§ DATASET EXTRACT:
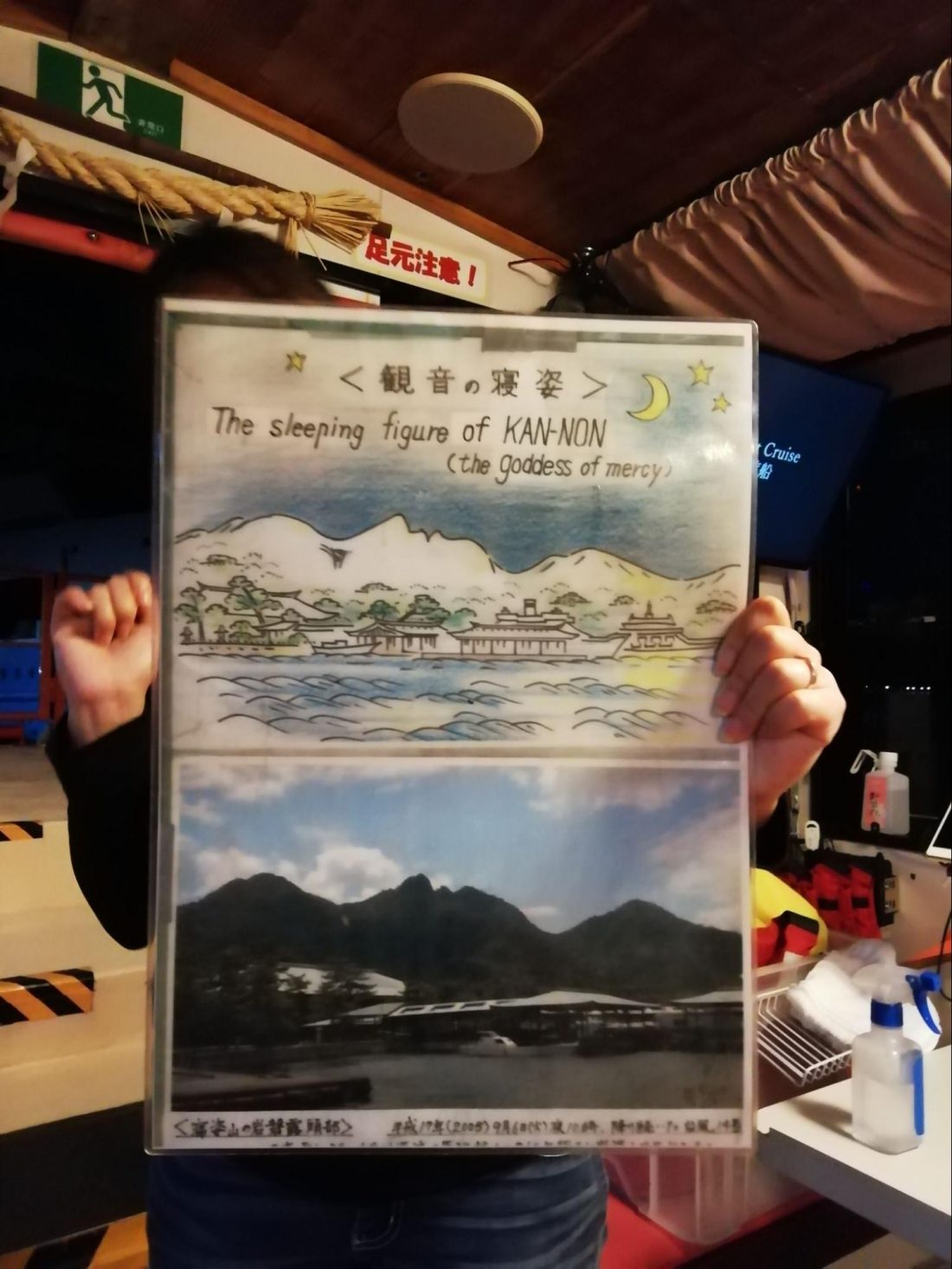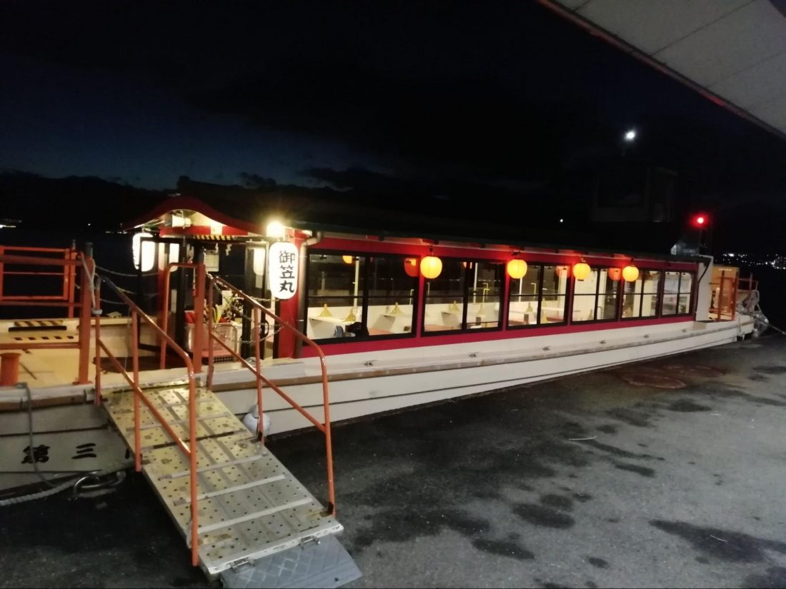 First, it was fascinating to see the sleeping “kannon” or deity soon after the ship pulled out. I had long known that the island itself was sacred. I had also known it was home to a female deity. I had never heard it said that the island itself LOOKED like a female before, until the guide’s speech in the cabin. But once she told me, and showed the sketch of what to look for, it was clear as a bell. My jaw dropped. It was so easy to spot it is really quite remarkable. Sadly, my phone’s night lens is weak. I don’t think you can see it well in the photos I was taking. Pro Tip: look for it in the daytime for the photos to impress your friends. If doing a night cruise like me, at least be sure your camera or smartphone has a really good night setting. My photos simply don’t live up to what I was seeing with my eyes. I tried enhancing my photos, but though it was clear to my eye even through my camera lens, I don’t have a good enough photo for here. It truly is easily spotted, however.
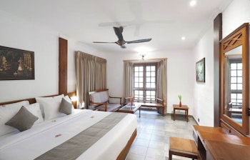 Vi bor i elegante værelser i kategorien Punnamada Room med store vinduer, der lukker masser af naturligt lys ind. Alle værelser er indrettet med moderne træmøbler og har aircondition, tv og eget badeværelse med bruser og toiletartikler.
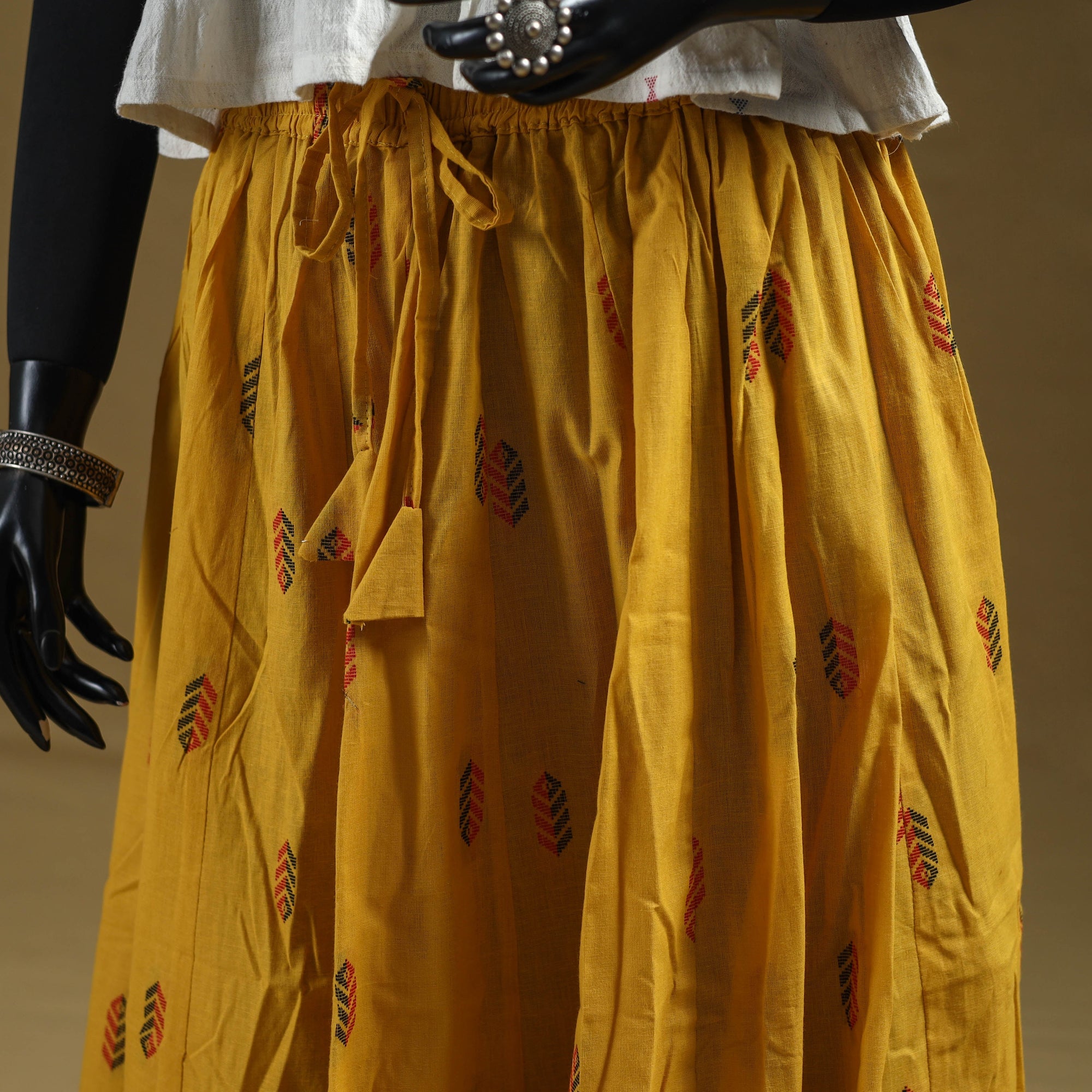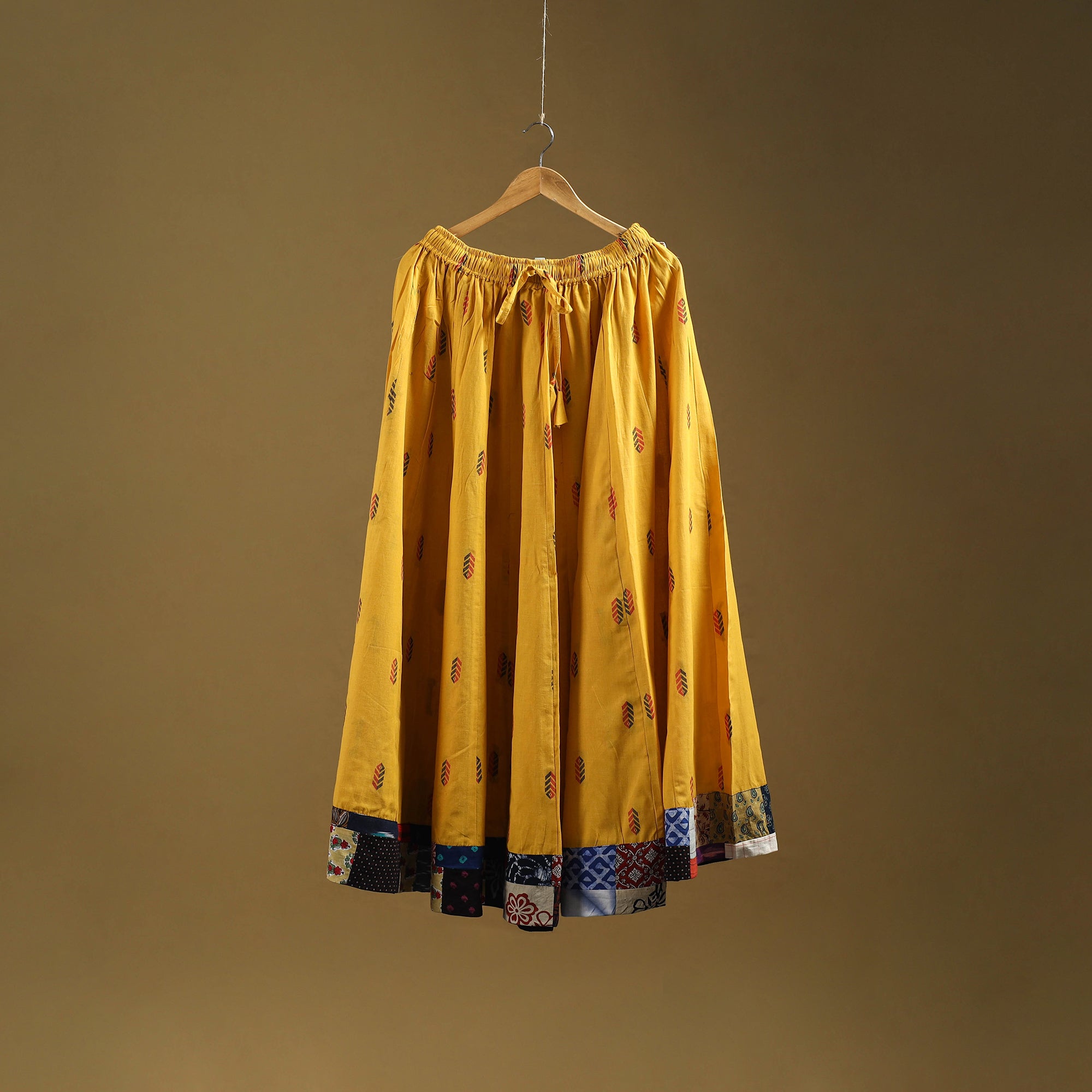 Yellow jacquard cotton patchwork long skirt offers an elasticated waist with a tie-up for a comfortable, adjustable fit. Its intricate woven patterns are created using the jacquard weaving technique, giving the fabric a beautifully detailed look. The 24-kali patchwork design and patchwork border add a unique touch. Perfect for daily wear, vacations or relaxed outings.

§ YOUR ASSIGNMENT:
An exact printout of the listing is needed, minus any pictures it contains.

§ SOLUTION FOR THIS EXERCISE:
 First, it was fascinating to see the sleeping “kannon” or deity soon after the ship pulled out. I had long known that the island itself was sacred. I had also known it was home to a female deity. I had never heard it said that the island itself LOOKED like a female before, until the guide’s speech in the cabin. But once she told me, and showed the sketch of what to look for, it was clear as a bell. My jaw dropped. It was so easy to spot it is really quite remarkable. Sadly, my phone’s night lens is weak. I don’t think you can see it well in the photos I was taking. Pro Tip: look for it in the daytime for the photos to impress your friends. If doing a night cruise like me, at least be sure your camera or smartphone has a really good night setting. My photos simply don’t live up to what I was seeing with my eyes. I tried enhancing my photos, but though it was clear to my eye even through my camera lens, I don’t have a good enough photo for here. It truly is easily spotted, however.
 Vi bor i elegante værelser i kategorien Punnamada Room med store vinduer, der lukker masser af naturligt lys ind. Alle værelser er indrettet med moderne træmøbler og har aircondition, tv og eget badeværelse med bruser og toiletartikler.
 Yellow jacquard cotton patchwork long skirt offers an elasticated waist with a tie-up for a comfortable, adjustable fit. Its intricate woven patterns are created using the jacquard weaving technique, giving the fabric a beautifully detailed look. The 24-kali patchwork design and patchwork border add a unique touch. Perfect for daily wear, vacations or relaxed outings.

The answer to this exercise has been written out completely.